LAVEEN VILLAGE, Ariz. (AP) — During seventh grade at Phoenix Indian School, Pershlie Ami signed up to go on what the school called an “outing” — promoted as opportunities for Native American students to earn spending money off campus. They were opportunities — for cheap labor. Ami said most people have no idea that the […]
Native Americans share trauma of Arizona boarding schools
LAVEEN VILLAGE, Ariz. (AP) — During seventh grade at Phoenix Indian School, Pershlie Ami signed up to go on what the school called an “outing” — promoted as opportunities for Native American students to earn spending money off campus.
They were opportunities — for cheap labor.
Ami said most people have no idea that the school staff would send students out to work, often doing menial tasks, for strangers whose backgrounds weren’t checked.
“A family came and picked me up and took me to their home. The task that they wanted me to do was pick up dog poop in their house,” Ami said during a listening session Friday in the Gila River Indian Community just south of Phoenix overseen by U.S. Interior Secretary Deb Haaland.
The session is part of a yearlong “Road to Healing” tour for victims and survivors of abuse at government-backed boarding schools. It is the fourth stop for the nation’s first and only Native American Cabinet secretary after previous stops in South Dakota, Oklahoma and Michigan.
Ami, who’s Hopi, is now 67 and living in nearby Laveen. She still remembers vehemently refusing to clean the house — and the fallout.

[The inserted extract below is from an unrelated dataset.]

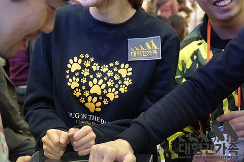 이번에 제작한 캠페인 티셔츠입니다. 대형견가족 패치는 탈부착이예요.
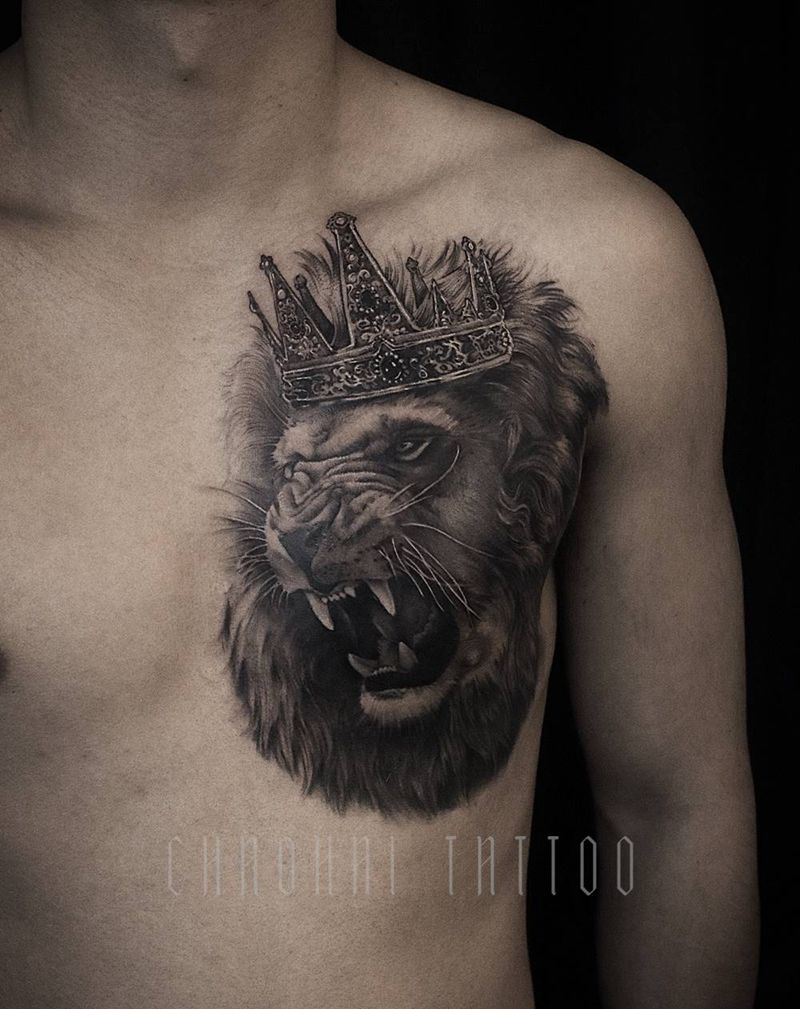 狮子纹身图片_胸部欧美写实皇冠纹身图案

“I got severely punished for not doing what that family had asked me to do. I was never allowed to go out on another outing,” she said. “Then I started to wonder what happened to some of these kids that went out on these outings, that nobody ever followed up on them.”
Ami was one of several people who spoke during Haaland’s visit to Arizona before a large audience that included Gov. Katie Hobbs and Democratic Rep. Ruben Gallego.
Several testimonies addressed issues in addition to abuse, such as losing one’s culture and language. The session took place in the multipurpose room of Gila Crossing Community School, where artwork and banners reflected the heritage of the local tribe.
“This is one step among many that we will take to strengthen and rebuild the bonds with the Native communities that federal Indian boarding school policies set out to break,” Haaland said before the session.
Starting with the Indian Civilization Act of 1819, the U.S. enacted laws and policies to establish and support the schools. The stated goal was to “civilize” Native Americans, Alaska Natives and Native Hawaiians, which was often carried out through abusive practices.
In Arizona alone, there were 47 federal Indian boarding schools — and that number does not even include the religious and private institutions that received federal funding to run schools.
“My ancestors and many of yours endured the horrors of the Indian boarding school assimilation policies carried out by the same department I now lead,” Haaland said. “This is the first time in history that a United States Cabinet secretary comes to the table with a shared trauma. That is not lost on me.”
Haaland has prioritized publicly examining the trauma caused by these schools. In May, the Interior Department released a first-of-its-kind report pointing out 408 schools the federal government supported that stripped Native Americans of their cultures and identities. At least 500 children are known to have died at some of the schools. But when more research is done, that statistic is likely to rise.
A majority of the speakers were descendants of boarding school survivors. They shared how their parents had a hard time learning how to be good parents because they were separated from their own — some at a very young age. Ami, whose father also went to a boarding school, remembered how he would refer to himself as “just a dumb Indian.”
“I think he did eventually get rid of that image of being ‘a dumb Indian,’” Ami said. “But he never stopped using that phrase in reference to himself.”
The vulnerability of victims has spurred tears at all of these sessions. However, Deborah Parker, chief executive of the National Native American Boarding School Healing Coalition and a member of the Tulalip Tribes, said there’s a feeling of hope, too.
“There’s a sense of encouragement. Yes, we can finally tell our stories and maybe we can begin to heal,” Parker said. “Those tears help cleanse emotions that we’ve been keeping inside of us for sometimes generations.”
Congress is planning to reintroduce legislation to establish a boarding school “truth and healing commission,” according to Parker. It would be similar to one established in Canada in 2008. If passed, it would have a broader scope than the Interior Department’s investigation into federally run boarding schools and subpoena power.
Meanwhile, a second report is pending in the school investigation launched by Haaland, who is a member of Laguna Pueblo in New Mexico. It will focus on burial sites, the schools’ impact on Indigenous communities and also try to account for federal funds spent on the troubled program.